The Dungeons & Dragons Movie Is Better Than It Has Any Right To Be

The Dungeons & Dragons Movie Is Better Than It Has Any Right To Be

Dungeons & Dragons: Honour Among Thieves opened in theatres on March 31 and it spent the weekend dominating the box office, besting John Wick 4 and Scream VI. The film, an adaptation of the tabletop RPG starring Chris Pine, Michelle Rodriguez, Justice Smith, Regé-Jean Page, Hugh Grant, and Sophia Lillis, is enjoying almost universal critical and box office acclaim, uniting fans of the RPG and newcomers with its surprisingly spirited take on D&D.

Honour Among Thieves is better than it has any right being, considering it’s essentially a transparent Hollywood cash grab that spent years stuck in a battle for distribution rights centered around an IP currently going through a very interesting licensing controversy. Any blockbuster film coming down the pike should take note, because this is how you do it.

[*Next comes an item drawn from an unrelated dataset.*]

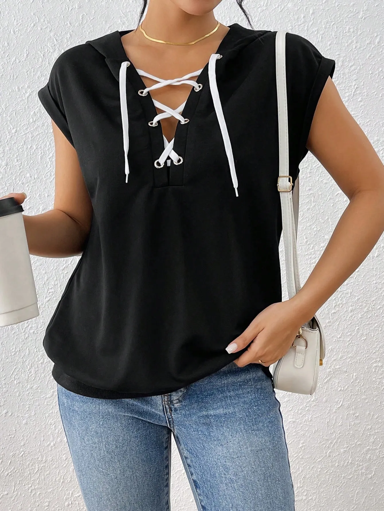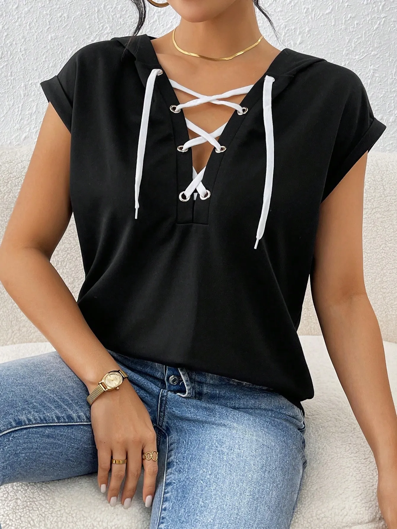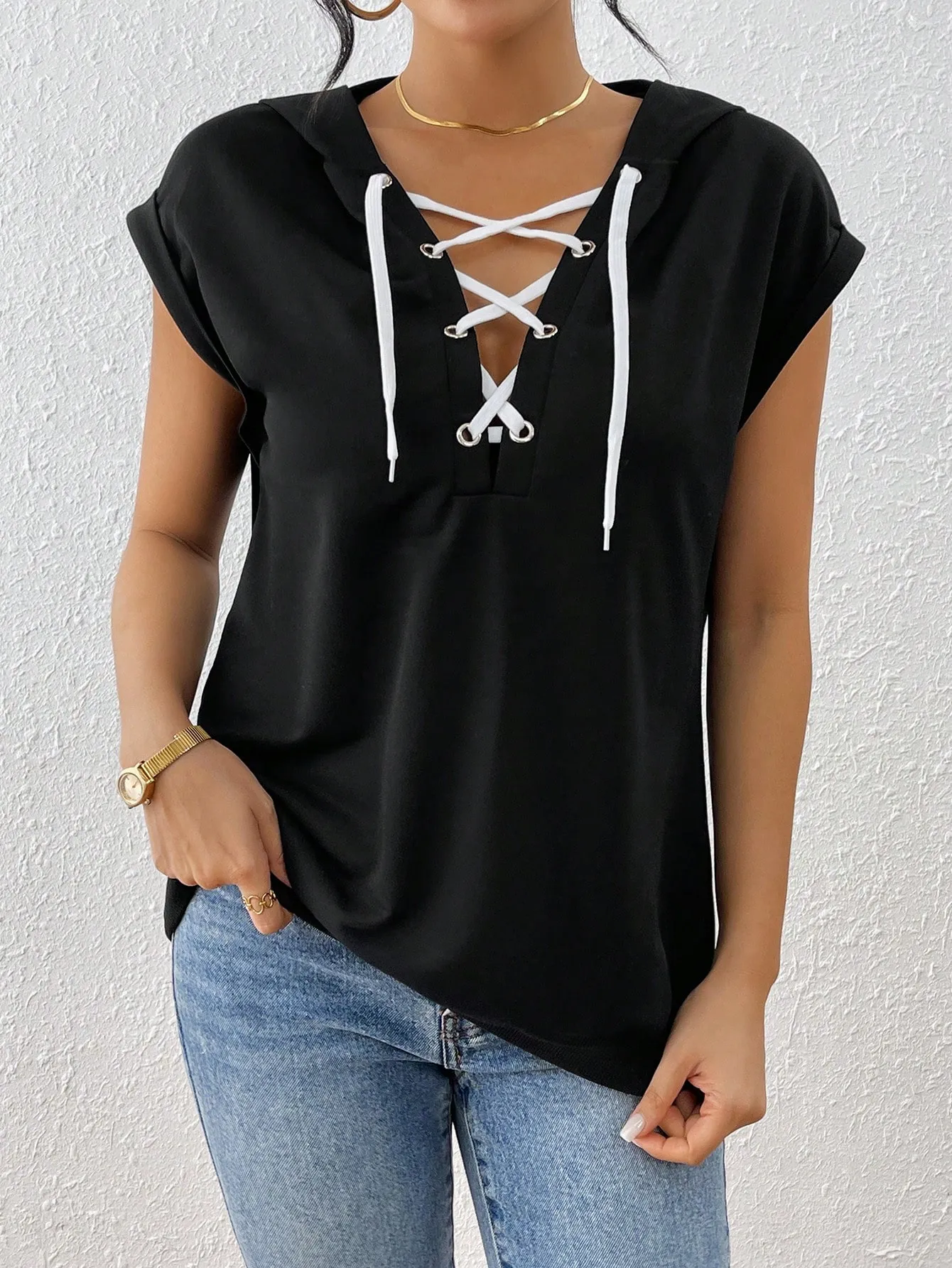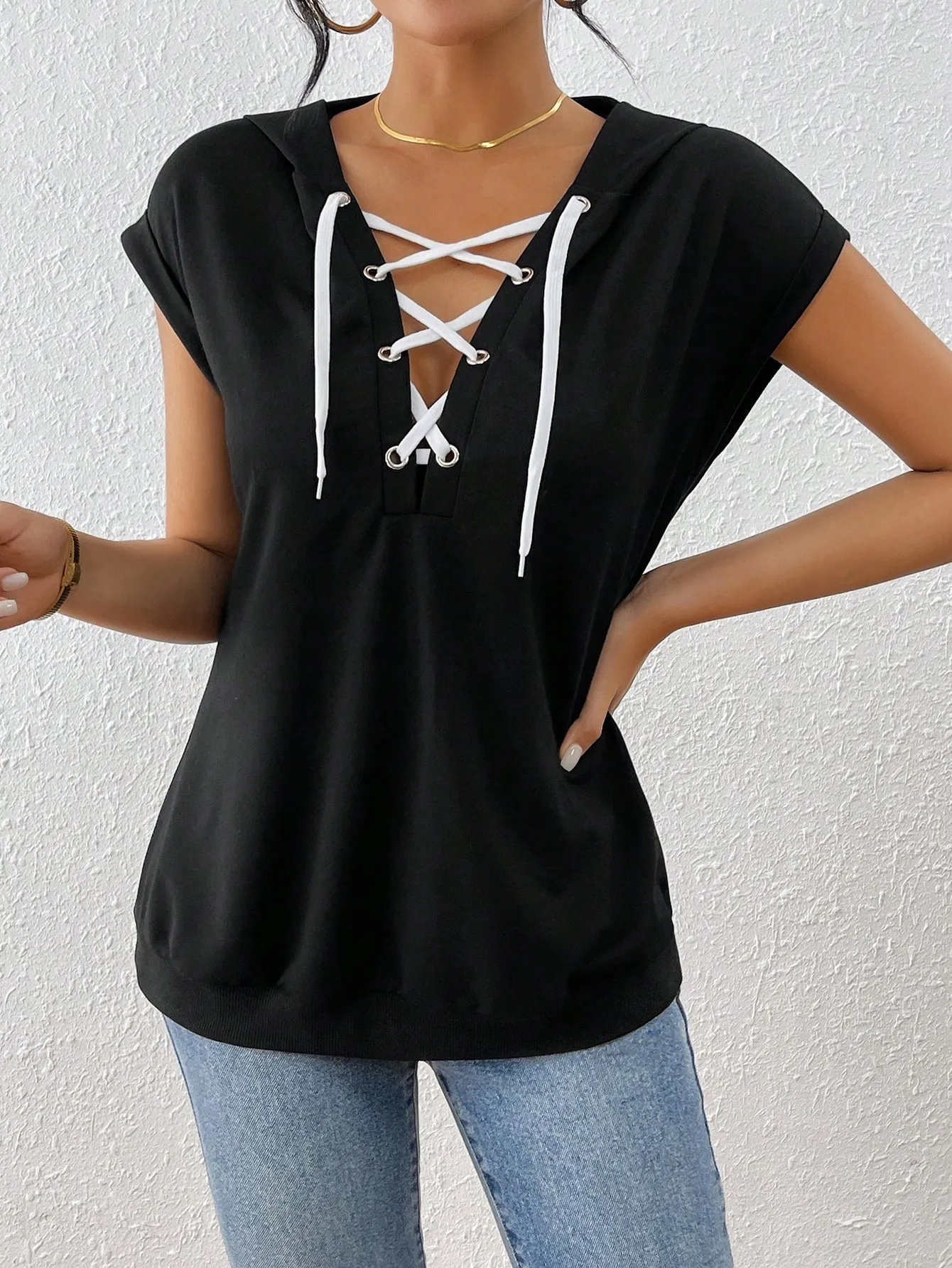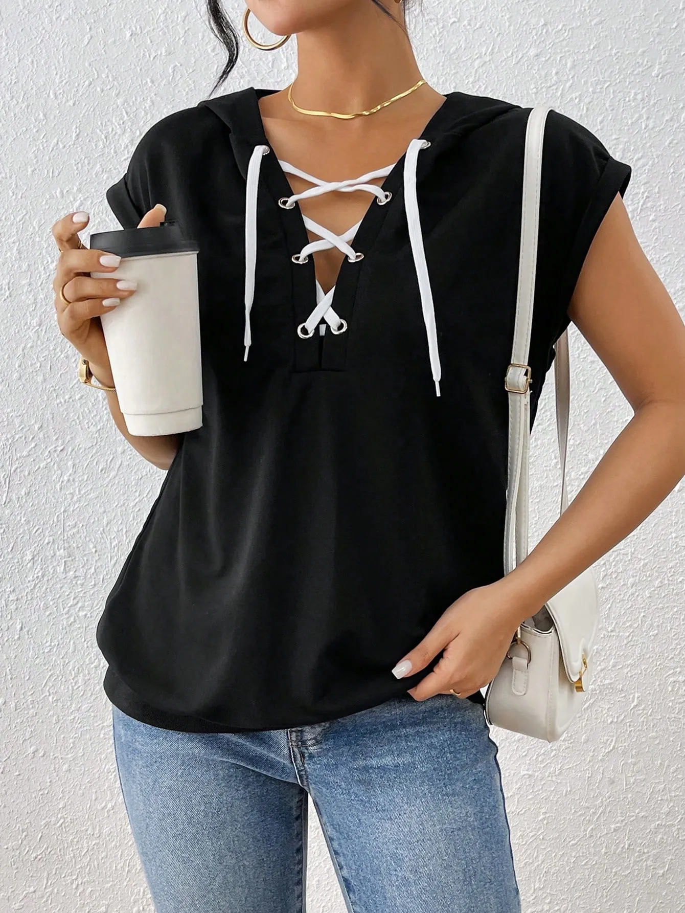 SMY Gorgeous Trend Hooded Short Sleeved Sweatshirt

A brief Dungeons & Dragons review

I, admittedly, know very little about the world upon which the film is based, butthat’s not a barrier to entry in this franchise. After all, every Dungeons & Dragons game is wildly different from the last, with the world, races, classes, and the all-knowing 20-sided die (or D20) acting as the unifying threads. (Um, actually, Alyssa, there are many worlds in which D&D games can take place. The film happens to use the very popular Forgotten Realms campaign setting. –Ed.)

So, you don’t need to know much about D&D to follow along with Honour Among Thieves, which lays its cards out swiftly and effectively: A former bard-turned-thief named Edgin (Pine), and his ragtag band of thieves (Rodriguez as a barbarian named Holga; Smith as Simon, an insecure half-elf sorceror; and Grant as a shifty, chatty rogue named Forge Fitzwilliam), help the wrong person steal the wrong thing, and two of them get thrown in jail for it. After serving their sentences, Edgin and Holga head off on a journey to right their wrongs, discovering there’s something much more sinister going on and they’re right at the centre of it.

Image: Paramount Pictures / Entertainment One
Image: Paramount Pictures / Entertainment One

It’s a simple enough plot, and the variety of worlds and races Honour Among Thieves weaves together is still somehow easy to follow without having any prior knowledge of it. And everyone is doing the absolute most in their roles, which is the real secret to selling a bold, brash blockbuster. A focus on great characters we can easily and swiftly grow fond of can carry even the most milquetoast of adaptations over the finish line, and this cast is doing some heavy lifting. Pine delights as a know-it-all bard, Smith is adorably unsure of himself, Rodriguez is giving her most himbo-y performance yet, and Grant is just playing Grant but in the D&D universe.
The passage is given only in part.